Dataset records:
################
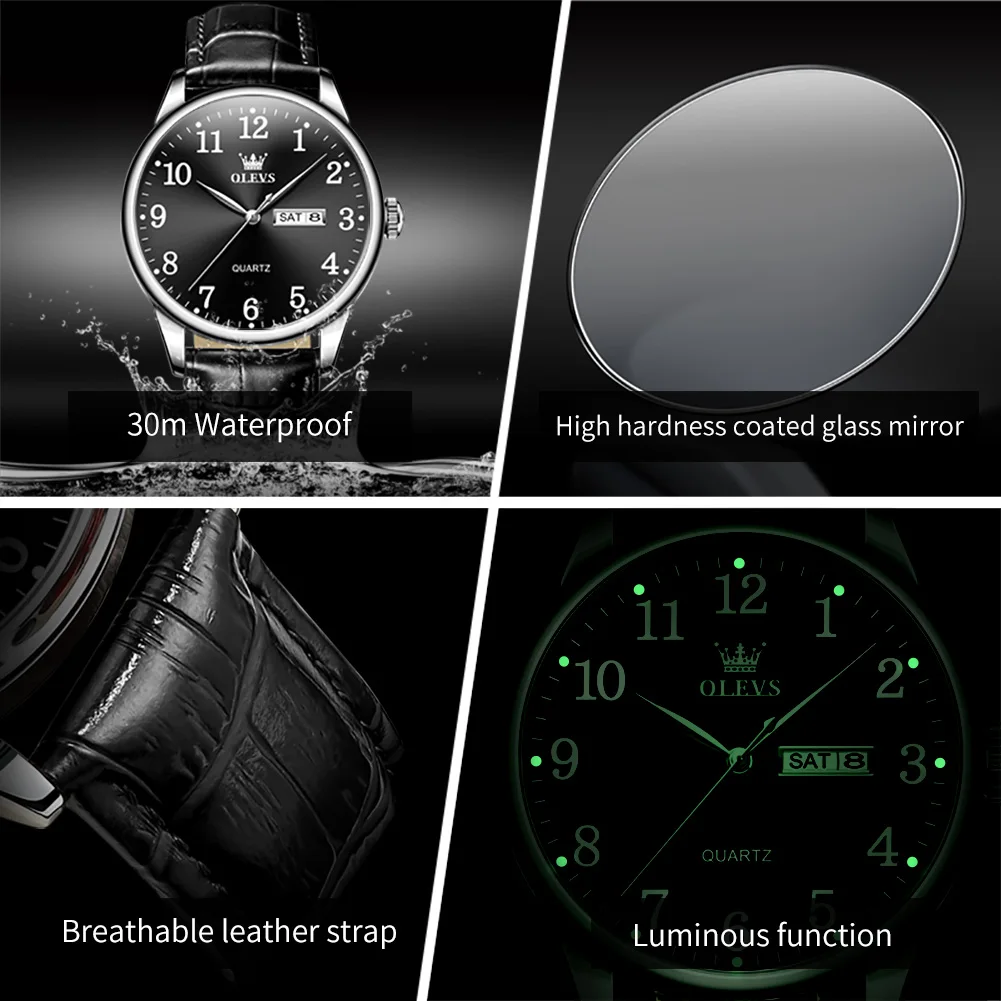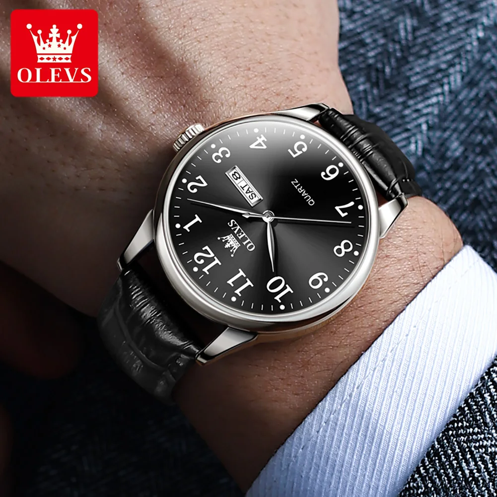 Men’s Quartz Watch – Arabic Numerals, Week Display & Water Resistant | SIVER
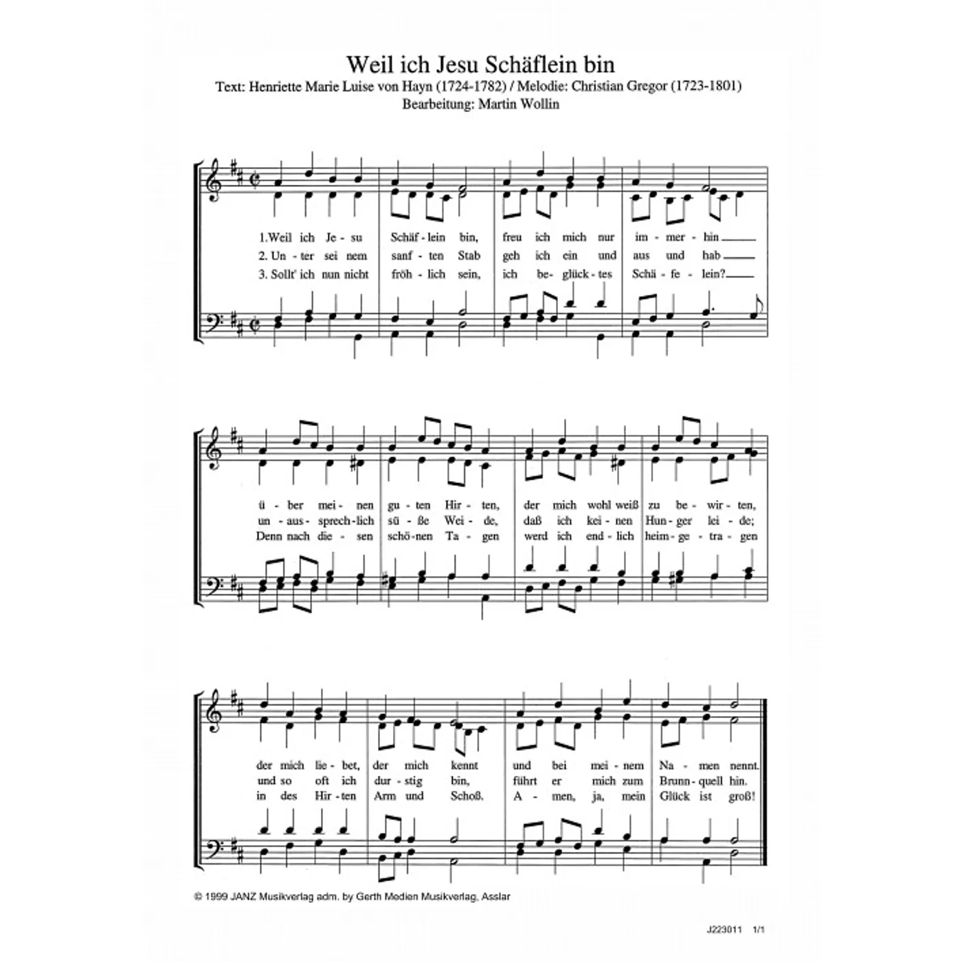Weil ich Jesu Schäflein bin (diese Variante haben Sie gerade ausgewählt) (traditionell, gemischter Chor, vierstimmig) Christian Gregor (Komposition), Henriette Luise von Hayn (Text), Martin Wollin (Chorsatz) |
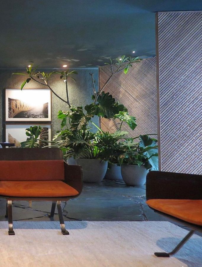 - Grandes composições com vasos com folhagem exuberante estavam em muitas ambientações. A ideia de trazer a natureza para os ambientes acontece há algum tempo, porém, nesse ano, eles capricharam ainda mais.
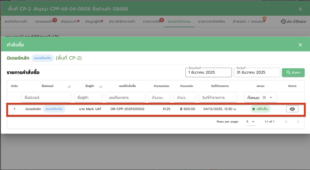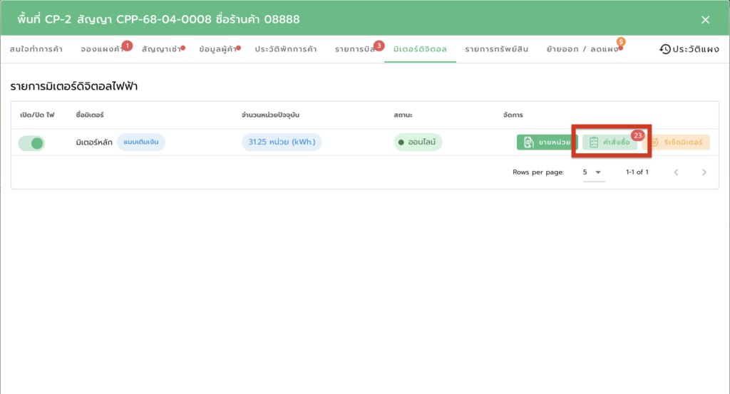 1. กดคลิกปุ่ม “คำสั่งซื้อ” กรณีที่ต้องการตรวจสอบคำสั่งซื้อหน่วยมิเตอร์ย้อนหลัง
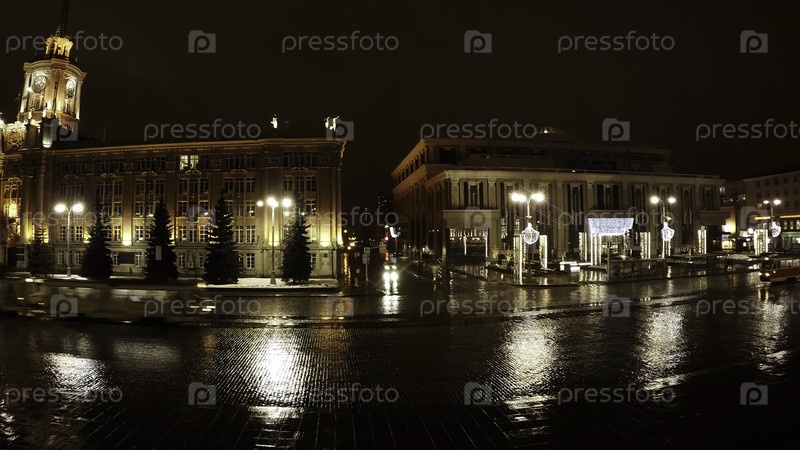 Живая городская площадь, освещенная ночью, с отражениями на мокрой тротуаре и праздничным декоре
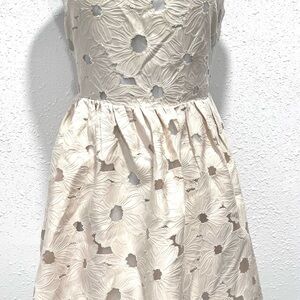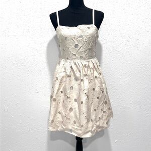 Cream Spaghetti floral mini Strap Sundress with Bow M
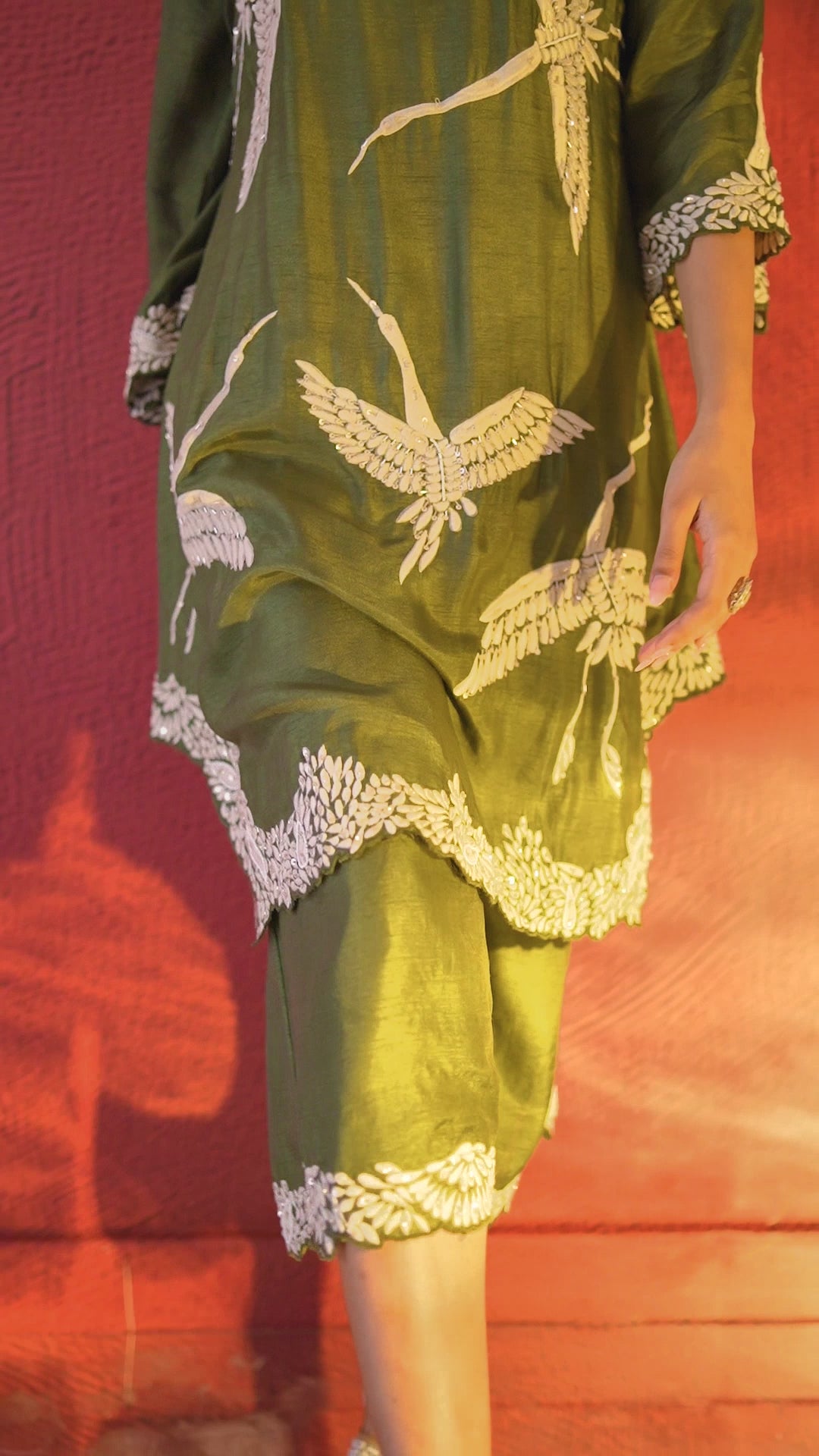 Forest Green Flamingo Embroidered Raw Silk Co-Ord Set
################
▶ **Task item**
Repeat all of the entries above exactly. Keep pictures out of it.

▶ **Exercise response**
 Men’s Quartz Watch – Arabic Numerals, Week Display & Water Resistant | SIVER
Weil ich Jesu Schäflein bin (diese Variante haben Sie gerade ausgewählt) (traditionell, gemischter Chor, vierstimmig) Christian Gregor (Komposition), Henriette Luise von Hayn (Text), Martin Wollin (Chorsatz) |
 - Grandes composições com vasos com folhagem exuberante estavam em muitas ambientações. A ideia de trazer a natureza para os ambientes acontece há algum tempo, porém, nesse ano, eles capricharam ainda mais.
 1. กดคลิกปุ่ม “คำสั่งซื้อ” กรณีที่ต้องการตรวจสอบคำสั่งซื้อหน่วยมิเตอร์ย้อนหลัง
 Живая городская площадь, освещенная ночью, с отражениями на мокрой тротуаре и праздничным декоре
 Cream Spaghetti floral mini Strap Sundress with Bow M
 Forest Green Flamingo Embroidered Raw Silk Co-Ord Set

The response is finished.